(RECORDS TO PROCESS)

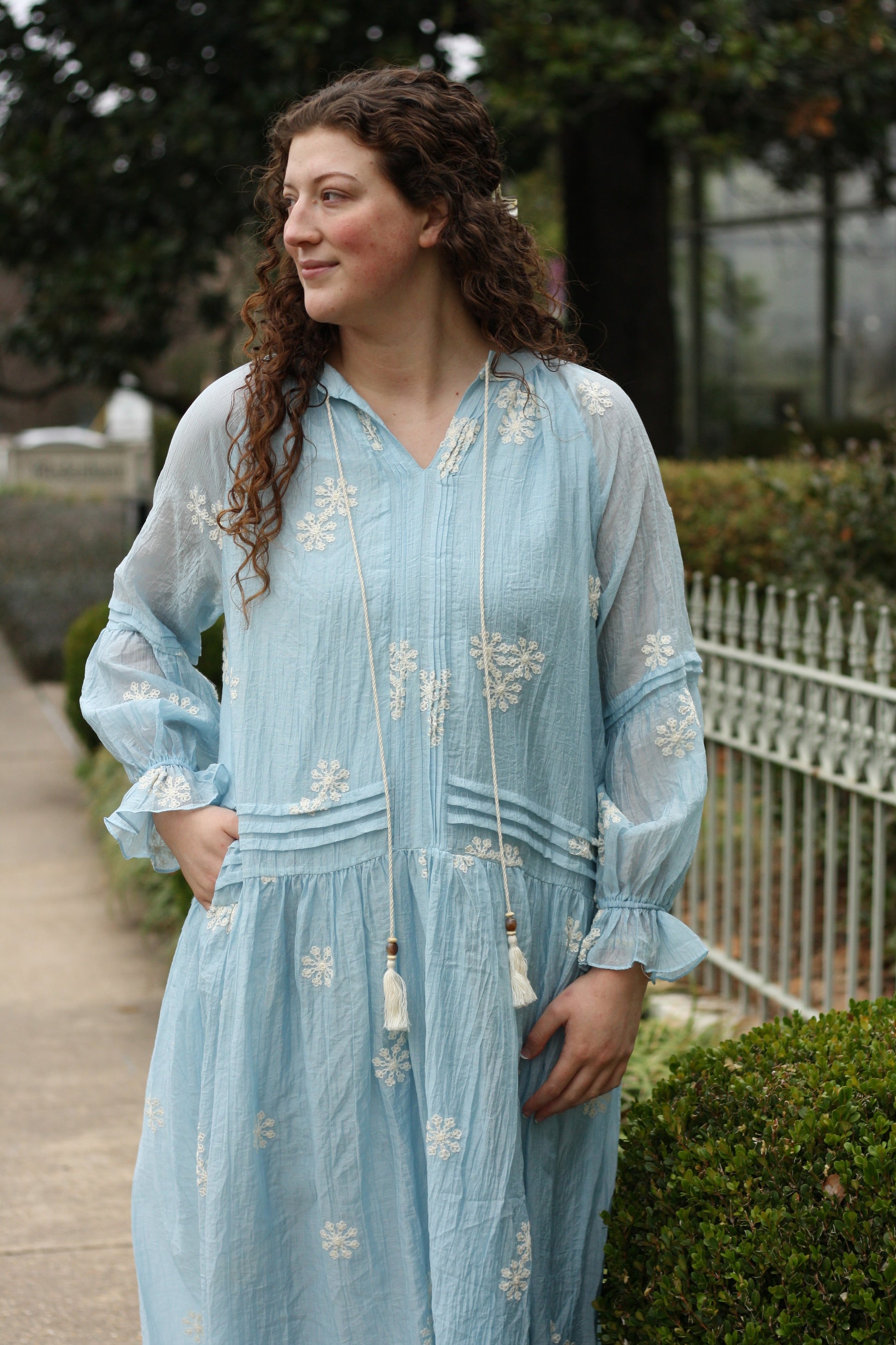 Effortlessly elegant with a touch of bohemian charm, this embroidered long sleeve maxi is made for days when you want to feel both comfortable and elevated. Designed with a flattering drop waist and a fully lined bodice, it flows beautifully with every step. Delicate embroidery adds artisanal detail, while the tassel tie neckline brings a soft, romantic finish.
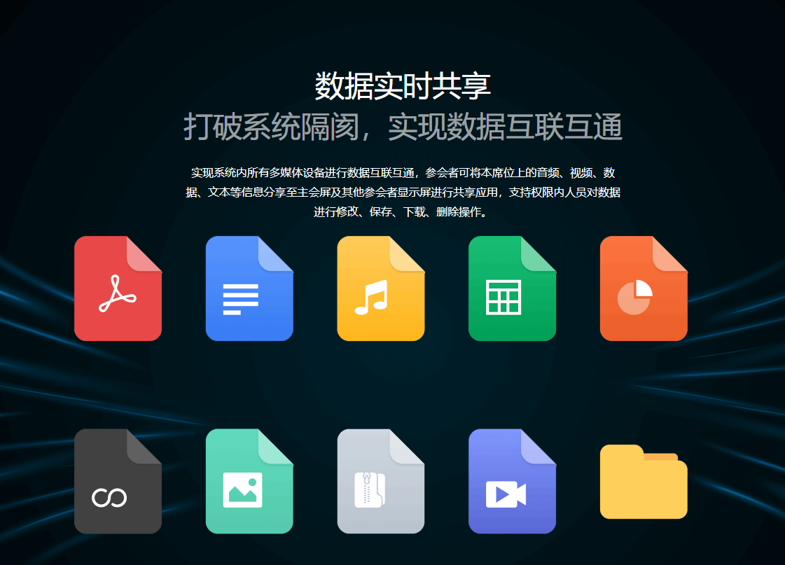 参会者屏幕可与主会屏跟随同步,也可独立显示本地内容,自由切换的显示模式兼顾集体讨论与个人思考。同时,系统实现全多媒体设备数据实时共享,音频、视频、图像、文档、文本等各类信息均可从本席位分享至主会屏及其他参会者显示屏,权限内人员可对共享数据进行修改、保存、下载、删除,打破系统隔阂,真正实现数据互联互通,让参会者之间零距离实时互动,大幅提升会商决策效率。
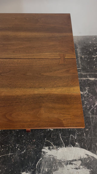 This table was ordered in the 1945-1950's. This table was owned from new by one family who had it custom made to fit their kitchen nook. Made of solid walnut with three walnut butterfly joints that stabilize the slabs of walnut as well as create small gap in the wood top.Β
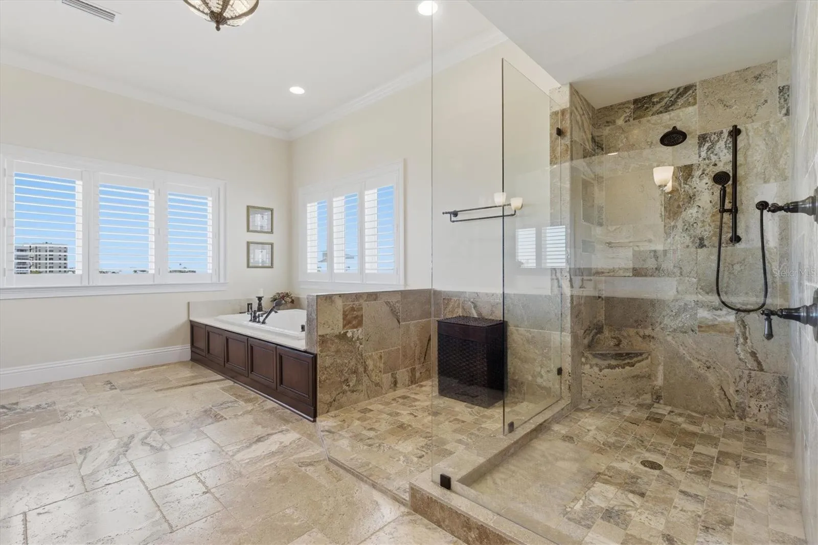The primary suite occupies the entire third floor, creating a private retreat with truly spectacular water views. This serene space includes an adjacent sitting area/office warmed by a striking double-sided fireplace, ideal for quiet mornings or evenings overlooking the Gulf. The luxurious primary bath is beautifully designed with custom built-in features and panoramic water views, while the exceptionally large, well-organized closet offers abundant space for everything imaginable.
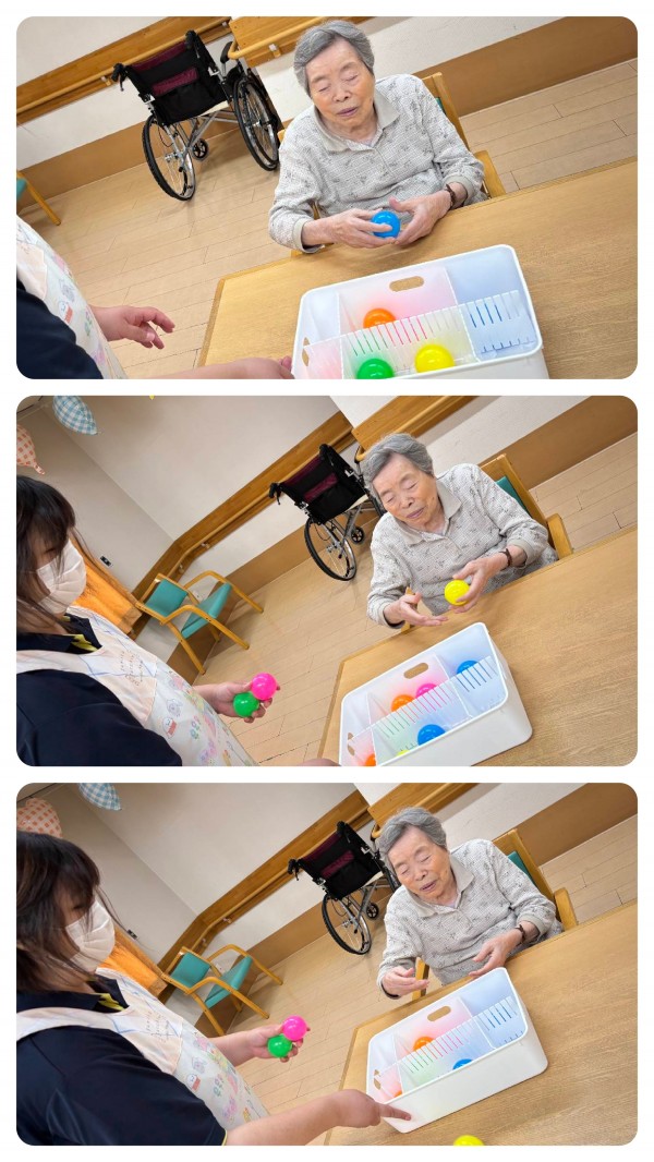 お次は・・カラフルなボールを使って座りながらも楽しめるボール投げを行いました!

(End RECORDS TO PROCESS)

[WORK REQUIRED] Produce the entries above once more, exactly as given, with each picture left out.

[RESPONSE]
 Effortlessly elegant with a touch of bohemian charm, this embroidered long sleeve maxi is made for days when you want to feel both comfortable and elevated. Designed with a flattering drop waist and a fully lined bodice, it flows beautifully with every step. Delicate embroidery adds artisanal detail, while the tassel tie neckline brings a soft, romantic finish.
 参会者屏幕可与主会屏跟随同步,也可独立显示本地内容,自由切换的显示模式兼顾集体讨论与个人思考。同时,系统实现全多媒体设备数据实时共享,音频、视频、图像、文档、文本等各类信息均可从本席位分享至主会屏及其他参会者显示屏,权限内人员可对共享数据进行修改、保存、下载、删除,打破系统隔阂,真正实现数据互联互通,让参会者之间零距离实时互动,大幅提升会商决策效率。
 This table was ordered in the 1945-1950's. This table was owned from new by one family who had it custom made to fit their kitchen nook. Made of solid walnut with three walnut butterfly joints that stabilize the slabs of walnut as well as create small gap in the wood top.Β
The primary suite occupies the entire third floor, creating a private retreat with truly spectacular water views. This serene space includes an adjacent sitting area/office warmed by a striking double-sided fireplace, ideal for quiet mornings or evenings overlooking the Gulf. The luxurious primary bath is beautifully designed with custom built-in features and panoramic water views, while the exceptionally large, well-organized closet offers abundant space for everything imaginable.
 お次は・・カラフルなボールを使って座りながらも楽しめるボール投げを行いました!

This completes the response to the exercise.